30-POS Board 6 Disordered FG-repeat Domains in the Nuclear Pore Complex Mohammad R. Mofrad . University of California, Berkeley, CA, USA.

Motivation: Disordered FG-repeat domains coat the inner layer of the nuclear pore complex (NPC) and are believed to play a central role in the selectivity barrier function of the NPC, exclusively controlling the vital traffic of macromolecules into and out of the nucleus [1]. The confinement of the FG-repeat domains to the central channel, the delicate and compact nature of the NPC, and fast and high throughput of bidirectional traffic in it have challenged the investigation of these disordered domains.
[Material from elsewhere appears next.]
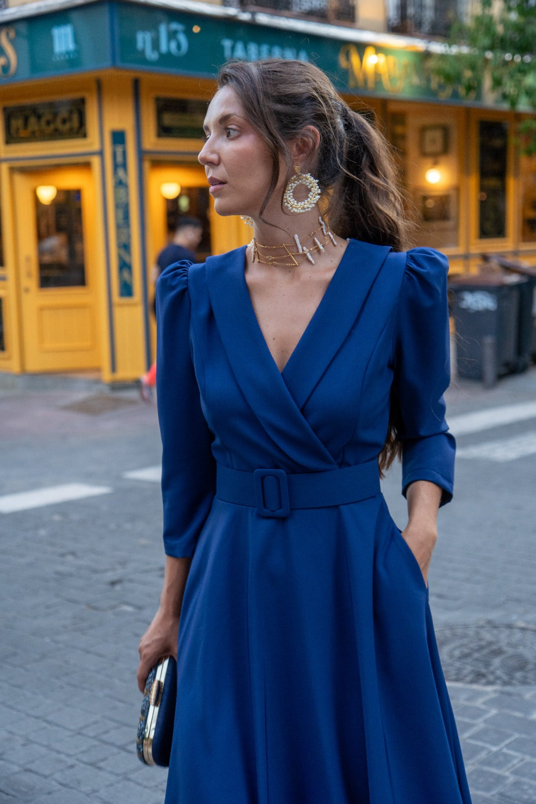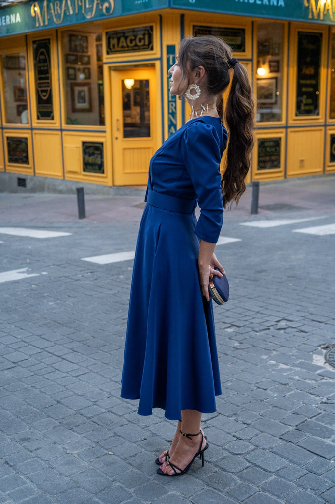 Midi dress with a crossover neckline and lapel collar, three-quarter sleeves, a belt, a full skirt, and pockets. In navy blue.

Computational and theoretical modeling approaches offer a useful alternative towards understanding the disordered FG-repeat domains in the NPC [2,3]. Objective: We aim to explore the conformational behavior of the disordered FG-repeat domains in the NPC central channel. Methods: 3D coarse-grained models of the yeast central channel are develped with all 11 known FG nucleoporins (Nups). The exact sequence of the FG Nups disordered domains are extracted and their length, hydrophobicity, charge, and the native grafting density are incorporated in the model. Results: Our results show that the FG-motifs of these disordered domains are mainly concentrated towards the central part of the channel, while charged residues are predominantly localized near the central channel wall. Depending on the nuclear pore diameter, FG-repeats can either make a channel-filling hydrogel or a thick lubricating layer, consistent with two differing models proposed in the literature. References: [1] Jamali et al. (2011) Nuclear Pore Complex: Biochemistry and Biophysics of Nucleocytoplasmic Transport in Health and Disease. International Review of Cell and Molecular Biology. 287: 233-286. [2] Moussavi-Baygi et al. (2011) Biophysical Coarse-Grained Modeling Provides Insights into Transport through the Nuclear Pore Complex. Biophysical Journal. 100(6):1410-1419. [3] Azimi et al. (2013) Higher Nucleoporin-Importinβ Affinity at the Nuclear Basket Increases Nucleocytoplasmic Import. PLoS One. 8(11):e81741.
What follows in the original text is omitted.